:: Supplied entries

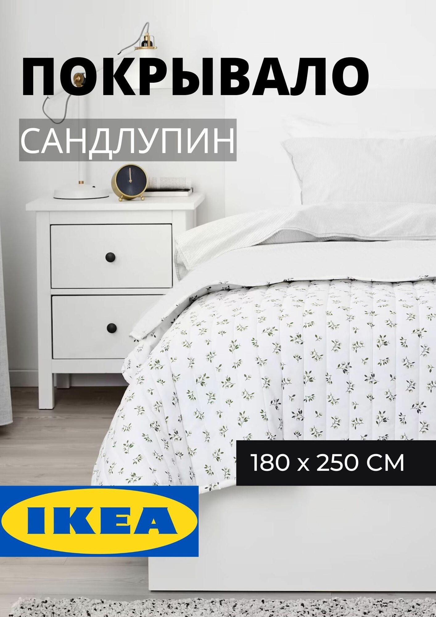 Покрывало икеа для спальни, стеганое сандлупин 180х250 информация:
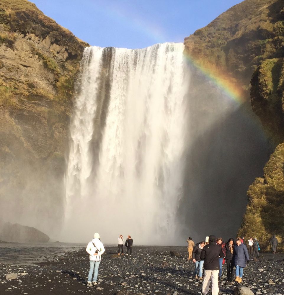 斯科加瀑布发源于Skoga 河,是冰岛最大最壮丽的瀑布之一。宽25米,落差达60米,瀑布从斯科加尔峭????奔流而下。接近瀑布的时候,在高速公路上就能遥看到大瀑布的壮丽景观,而且能听到瀑布的隆隆水流声。把车停在停车场后赶紧向瀑布走过去。
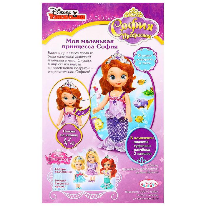 Порадуйте девочку куколкой «Принцесса София в одежде русалочки»! Игрушка рассказывает 3 стихотворения и поёт песенку милым детским голосом. Кукла создана по мотивам эпизода «Плавучий дворец» и наряжена в платье с подолом, похожим на русалочий хвост. На лифе есть амулет, нажав на который, девочка включит звуковое устройство.
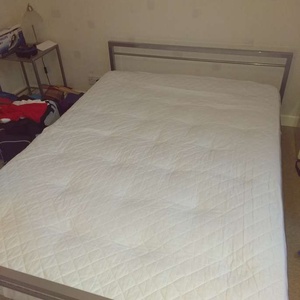 Metal double bed frame, matt metallic.
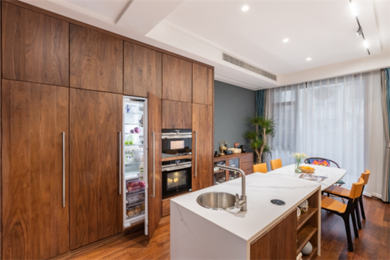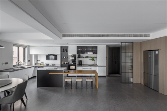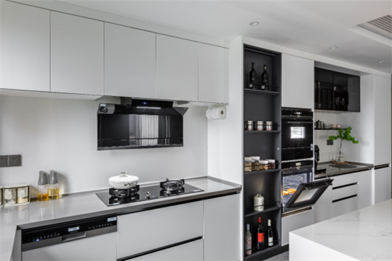 如果說客廳是一個家鮮亮的面子,那么廚房則是美好的里子。新時代下,廚房早已不再是傳統印象中單一的烹飪空間,而是被賦予了社交、溝通、娛樂等更多價值,因此開放式廚房深受年輕人的追捧。通過將廚房形態與體驗進行顛覆式的革新升級,通透明亮的開放式廚房不僅僅只具備燒飯的功能屬性,同時也承載了與家人在一起的悠閑幸福時光。但同時,油煙味重不易清潔、存儲空間有限、噪音大等問題,也讓很多消費者望而卻步。

::::

Verbatim repeat, images removed: give each entry again exactly as it reads.

**Task response**
 Покрывало икеа для спальни, стеганое сандлупин 180х250 информация:
 斯科加瀑布发源于Skoga 河,是冰岛最大最壮丽的瀑布之一。宽25米,落差达60米,瀑布从斯科加尔峭????奔流而下。接近瀑布的时候,在高速公路上就能遥看到大瀑布的壮丽景观,而且能听到瀑布的隆隆水流声。把车停在停车场后赶紧向瀑布走过去。
 Порадуйте девочку куколкой «Принцесса София в одежде русалочки»! Игрушка рассказывает 3 стихотворения и поёт песенку милым детским голосом. Кукла создана по мотивам эпизода «Плавучий дворец» и наряжена в платье с подолом, похожим на русалочий хвост. На лифе есть амулет, нажав на который, девочка включит звуковое устройство.
 Metal double bed frame, matt metallic.
 如果說客廳是一個家鮮亮的面子,那么廚房則是美好的里子。新時代下,廚房早已不再是傳統印象中單一的烹飪空間,而是被賦予了社交、溝通、娛樂等更多價值,因此開放式廚房深受年輕人的追捧。通過將廚房形態與體驗進行顛覆式的革新升級,通透明亮的開放式廚房不僅僅只具備燒飯的功能屬性,同時也承載了與家人在一起的悠閑幸福時光。但同時,油煙味重不易清潔、存儲空間有限、噪音大等問題,也讓很多消費者望而卻步。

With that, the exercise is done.